> _PROBLEM STATEMENT_
Where the records contain images, omit them, and repeat everything else word for word.

+++ SUPPLIED RECORDS

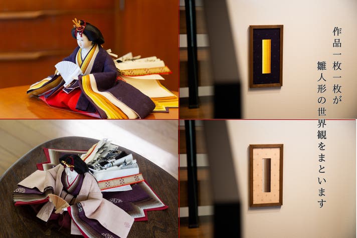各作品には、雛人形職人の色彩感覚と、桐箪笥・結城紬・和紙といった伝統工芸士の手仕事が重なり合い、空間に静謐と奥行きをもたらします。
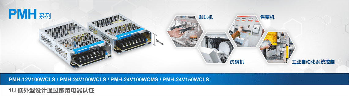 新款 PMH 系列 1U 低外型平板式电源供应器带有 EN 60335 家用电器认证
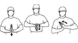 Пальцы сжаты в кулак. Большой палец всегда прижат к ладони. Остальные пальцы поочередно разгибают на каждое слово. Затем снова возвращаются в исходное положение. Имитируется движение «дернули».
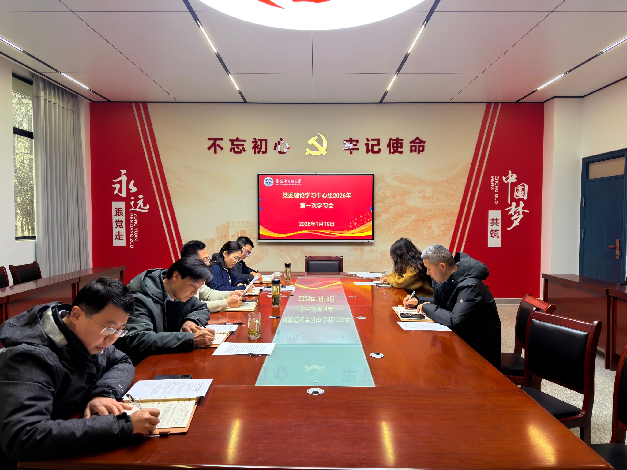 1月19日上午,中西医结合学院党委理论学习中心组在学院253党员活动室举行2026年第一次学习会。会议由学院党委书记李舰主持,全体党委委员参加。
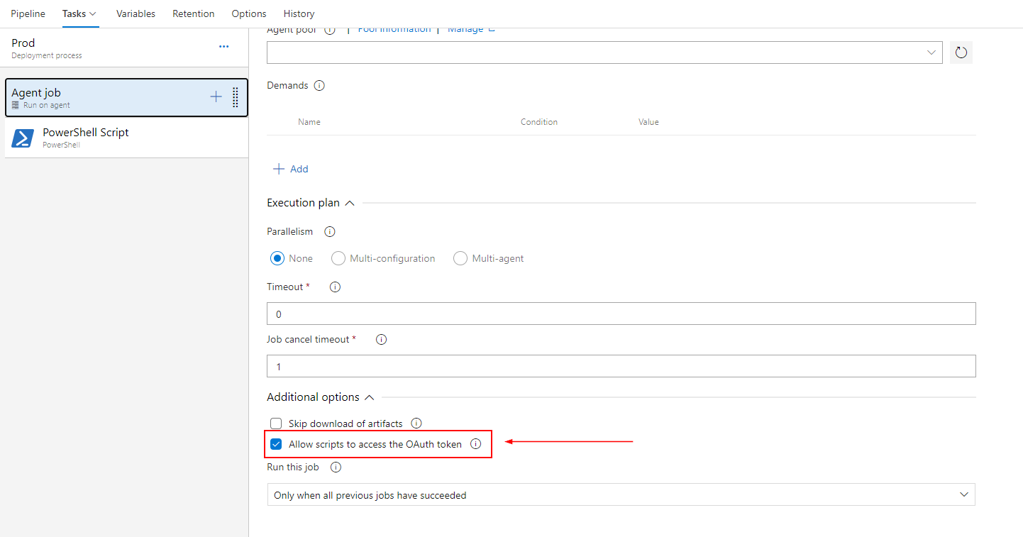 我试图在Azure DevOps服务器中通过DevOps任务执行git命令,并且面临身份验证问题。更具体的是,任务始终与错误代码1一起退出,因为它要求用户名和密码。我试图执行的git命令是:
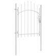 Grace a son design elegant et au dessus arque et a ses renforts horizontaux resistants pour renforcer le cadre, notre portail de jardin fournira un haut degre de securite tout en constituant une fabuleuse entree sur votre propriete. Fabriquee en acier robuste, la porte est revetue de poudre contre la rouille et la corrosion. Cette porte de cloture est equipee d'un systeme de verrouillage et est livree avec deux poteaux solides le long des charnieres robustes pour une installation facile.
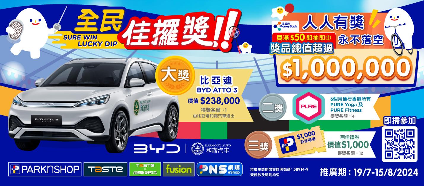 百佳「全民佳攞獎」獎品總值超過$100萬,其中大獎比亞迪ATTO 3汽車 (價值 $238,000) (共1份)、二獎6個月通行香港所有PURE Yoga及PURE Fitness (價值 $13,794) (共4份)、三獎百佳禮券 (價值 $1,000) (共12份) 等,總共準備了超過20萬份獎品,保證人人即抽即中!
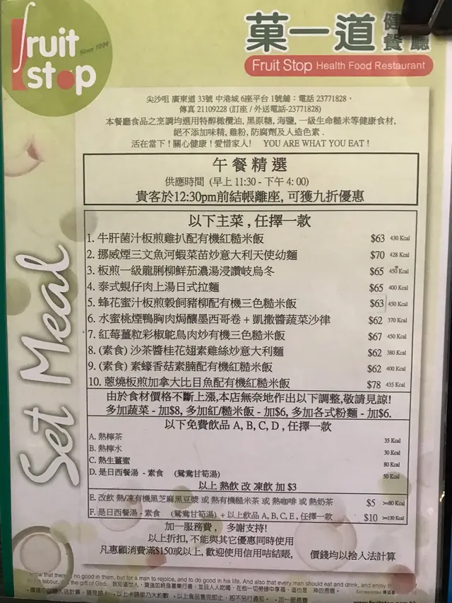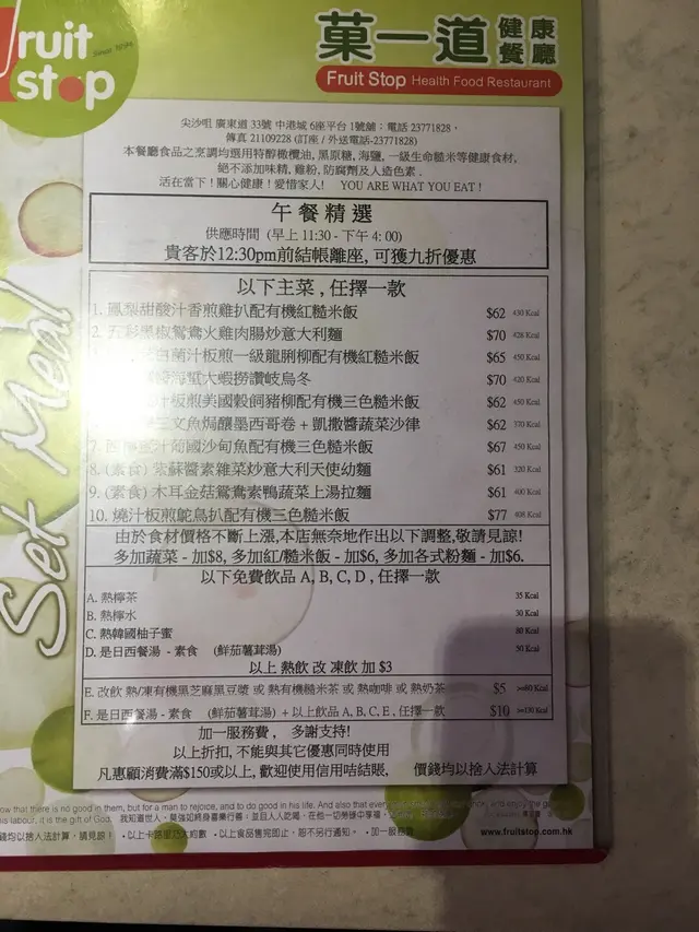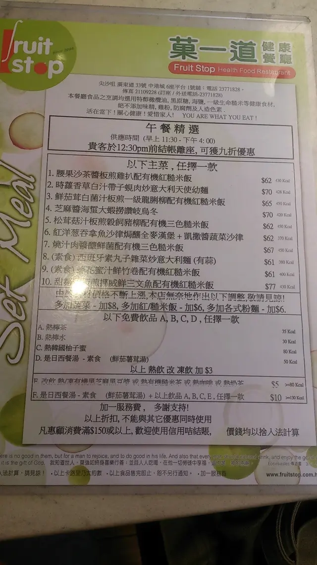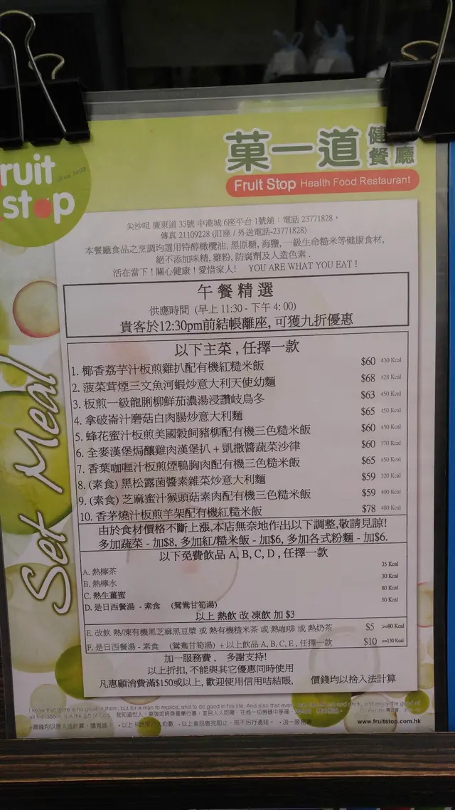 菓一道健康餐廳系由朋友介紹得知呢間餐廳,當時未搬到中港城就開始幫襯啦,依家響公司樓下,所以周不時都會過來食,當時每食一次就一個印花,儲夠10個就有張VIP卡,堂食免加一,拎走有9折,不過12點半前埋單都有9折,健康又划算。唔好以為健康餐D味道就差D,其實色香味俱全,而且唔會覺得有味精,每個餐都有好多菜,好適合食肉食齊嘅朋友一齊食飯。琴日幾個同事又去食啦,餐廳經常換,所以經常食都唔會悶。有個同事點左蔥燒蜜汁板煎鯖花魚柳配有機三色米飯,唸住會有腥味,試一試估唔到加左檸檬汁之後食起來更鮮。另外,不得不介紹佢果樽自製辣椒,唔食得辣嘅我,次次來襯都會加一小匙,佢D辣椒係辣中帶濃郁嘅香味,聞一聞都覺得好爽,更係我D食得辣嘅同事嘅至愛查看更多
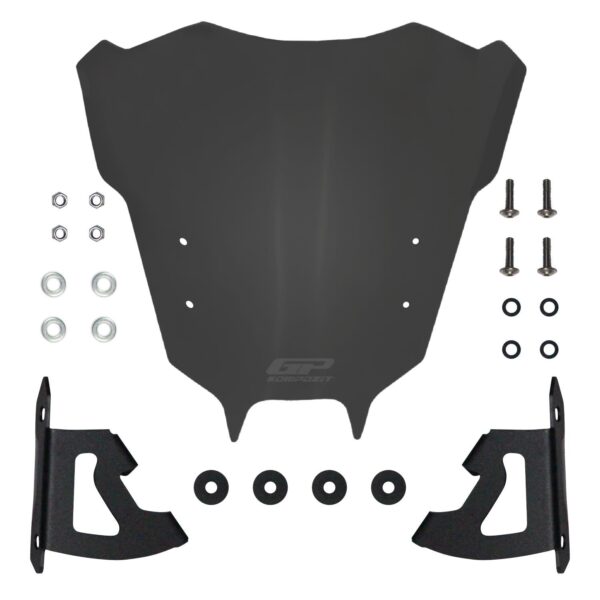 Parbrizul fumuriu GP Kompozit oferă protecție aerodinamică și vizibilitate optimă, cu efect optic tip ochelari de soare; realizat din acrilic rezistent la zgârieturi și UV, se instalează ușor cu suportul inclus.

++++++

> _ANSWER TO THIS TASK_
各作品には、雛人形職人の色彩感覚と、桐箪笥・結城紬・和紙といった伝統工芸士の手仕事が重なり合い、空間に静謐と奥行きをもたらします。
 新款 PMH 系列 1U 低外型平板式电源供应器带有 EN 60335 家用电器认证
 Пальцы сжаты в кулак. Большой палец всегда прижат к ладони. Остальные пальцы поочередно разгибают на каждое слово. Затем снова возвращаются в исходное положение. Имитируется движение «дернули».
 1月19日上午,中西医结合学院党委理论学习中心组在学院253党员活动室举行2026年第一次学习会。会议由学院党委书记李舰主持,全体党委委员参加。
 我试图在Azure DevOps服务器中通过DevOps任务执行git命令,并且面临身份验证问题。更具体的是,任务始终与错误代码1一起退出,因为它要求用户名和密码。我试图执行的git命令是:
 Grace a son design elegant et au dessus arque et a ses renforts horizontaux resistants pour renforcer le cadre, notre portail de jardin fournira un haut degre de securite tout en constituant une fabuleuse entree sur votre propriete. Fabriquee en acier robuste, la porte est revetue de poudre contre la rouille et la corrosion. Cette porte de cloture est equipee d'un systeme de verrouillage et est livree avec deux poteaux solides le long des charnieres robustes pour une installation facile.
 百佳「全民佳攞獎」獎品總值超過$100萬,其中大獎比亞迪ATTO 3汽車 (價值 $238,000) (共1份)、二獎6個月通行香港所有PURE Yoga及PURE Fitness (價值 $13,794) (共4份)、三獎百佳禮券 (價值 $1,000) (共12份) 等,總共準備了超過20萬份獎品,保證人人即抽即中!
 菓一道健康餐廳系由朋友介紹得知呢間餐廳,當時未搬到中港城就開始幫襯啦,依家響公司樓下,所以周不時都會過來食,當時每食一次就一個印花,儲夠10個就有張VIP卡,堂食免加一,拎走有9折,不過12點半前埋單都有9折,健康又划算。唔好以為健康餐D味道就差D,其實色香味俱全,而且唔會覺得有味精,每個餐都有好多菜,好適合食肉食齊嘅朋友一齊食飯。琴日幾個同事又去食啦,餐廳經常換,所以經常食都唔會悶。有個同事點左蔥燒蜜汁板煎鯖花魚柳配有機三色米飯,唸住會有腥味,試一試估唔到加左檸檬汁之後食起來更鮮。另外,不得不介紹佢果樽自製辣椒,唔食得辣嘅我,次次來襯都會加一小匙,佢D辣椒係辣中帶濃郁嘅香味,聞一聞都覺得好爽,更係我D食得辣嘅同事嘅至愛查看更多
 Parbrizul fumuriu GP Kompozit oferă protecție aerodinamică și vizibilitate optimă, cu efect optic tip ochelari de soare; realizat din acrilic rezistent la zgârieturi și UV, se instalează ușor cu suportul inclus.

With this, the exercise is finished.